> **Task item**: A word-for-word retyping of the listing below is required, with the pictures dropped.

> **Collected material**:
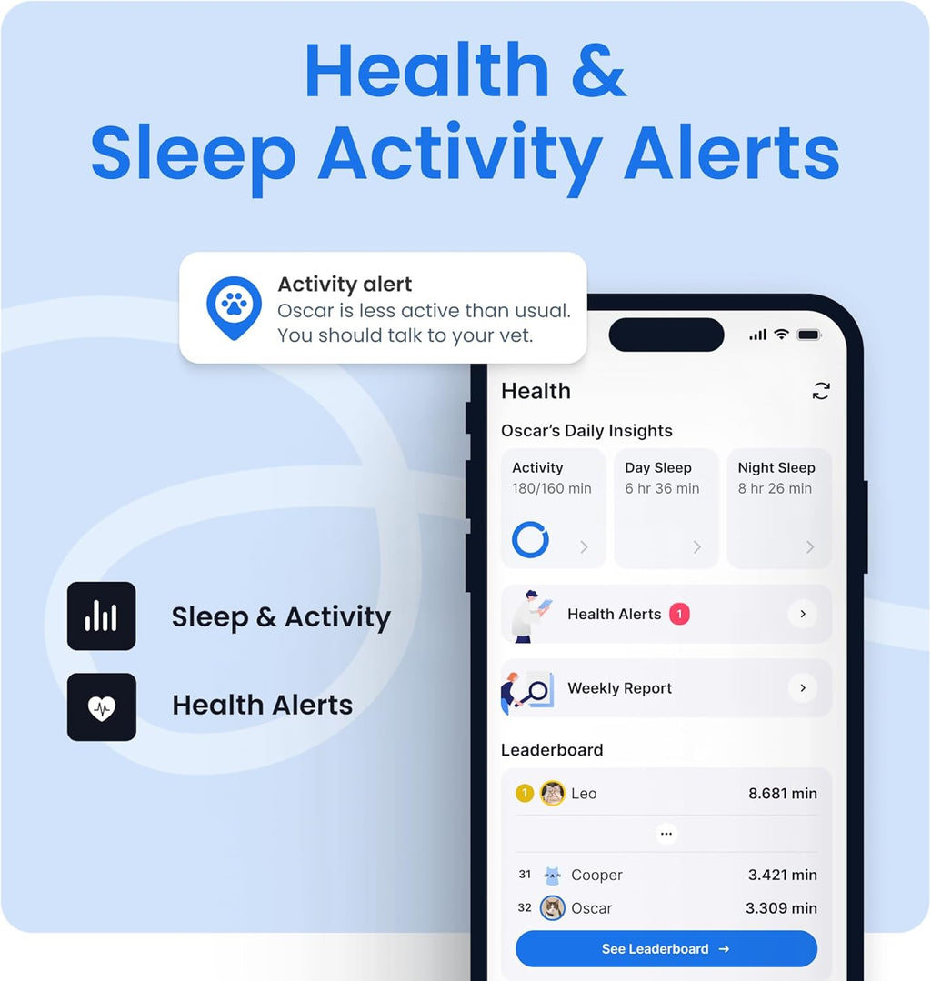 Descubre sus lugares favoritos y analiza sus rutas de paseo. Conoce mejor sus hábitos de sueño para asegurarte de que descanse como un rey.
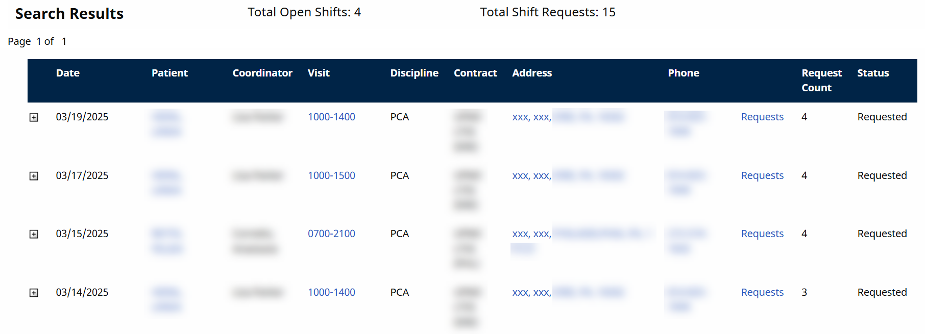 The total number of open shifts and the total number of shift requests are provided and summarized above the results grid. Each result includes information as described in the following table (one row, per Patient, per open shift).
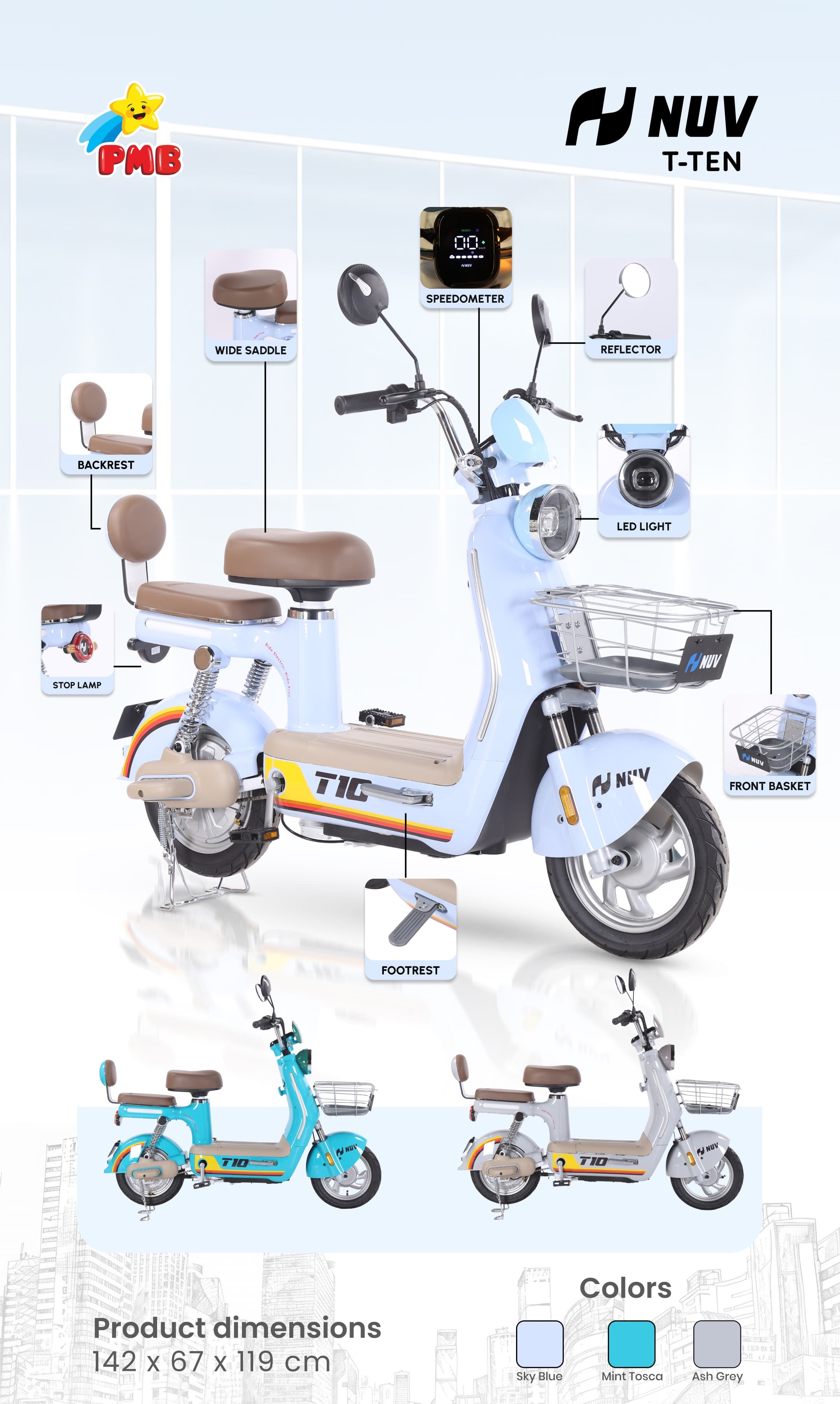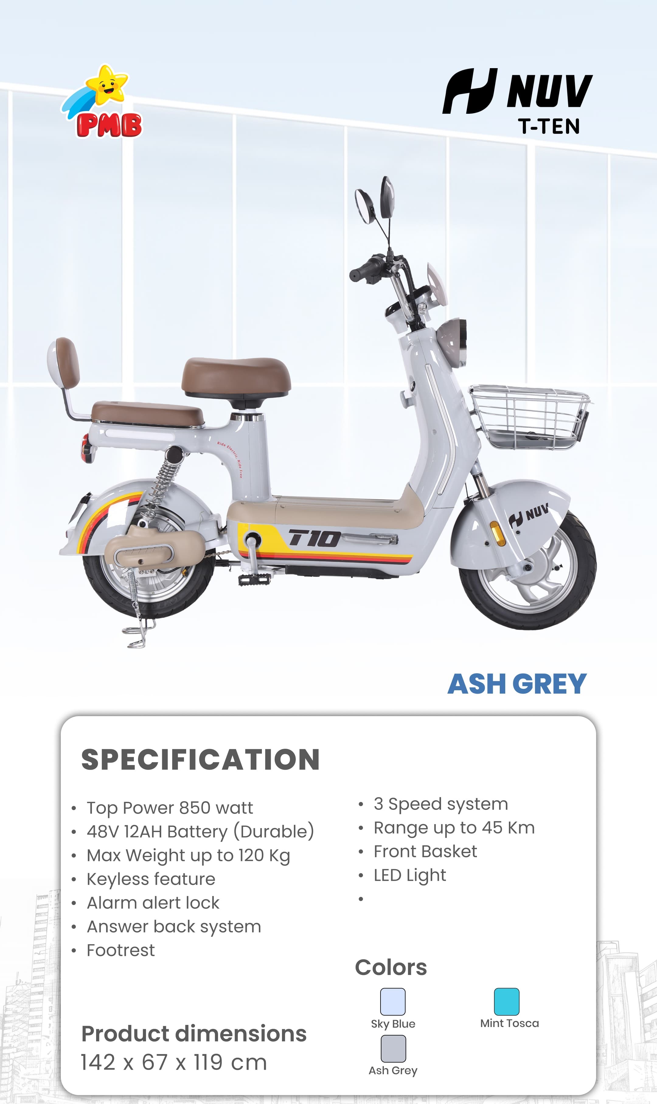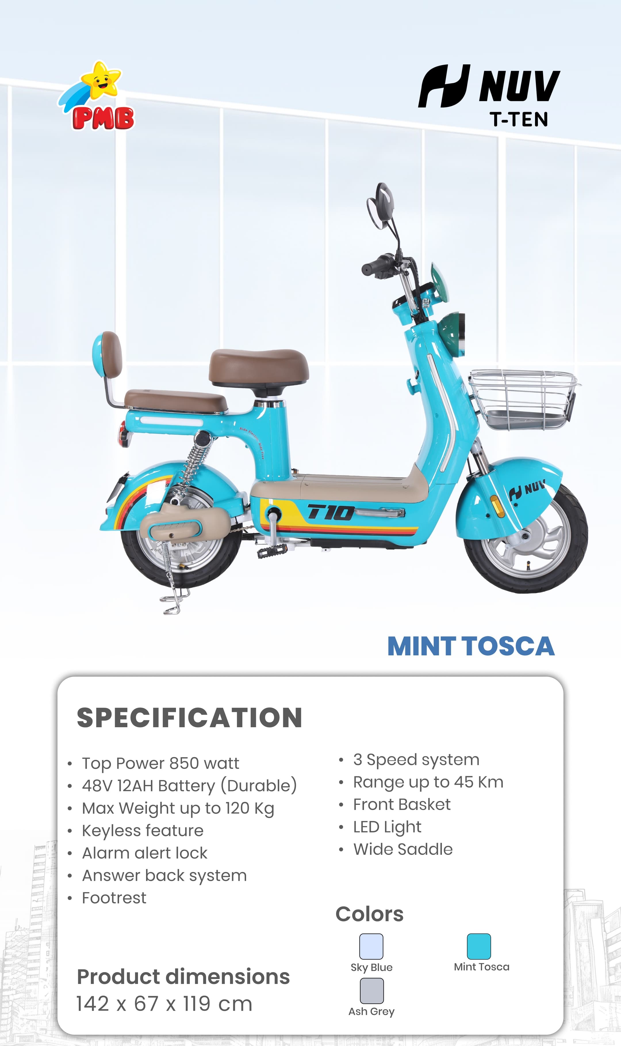 SEPEDA LISTIK NUV T-TEN TOP POWER 850WATT Baterai 48V 12AH (Durable) lampu led keranjang depan pmb toys Berat maksimal s

> **Response to the exercise**:
 Descubre sus lugares favoritos y analiza sus rutas de paseo. Conoce mejor sus hábitos de sueño para asegurarte de que descanse como un rey.
 The total number of open shifts and the total number of shift requests are provided and summarized above the results grid. Each result includes information as described in the following table (one row, per Patient, per open shift).
 SEPEDA LISTIK NUV T-TEN TOP POWER 850WATT Baterai 48V 12AH (Durable) lampu led keranjang depan pmb toys Berat maksimal s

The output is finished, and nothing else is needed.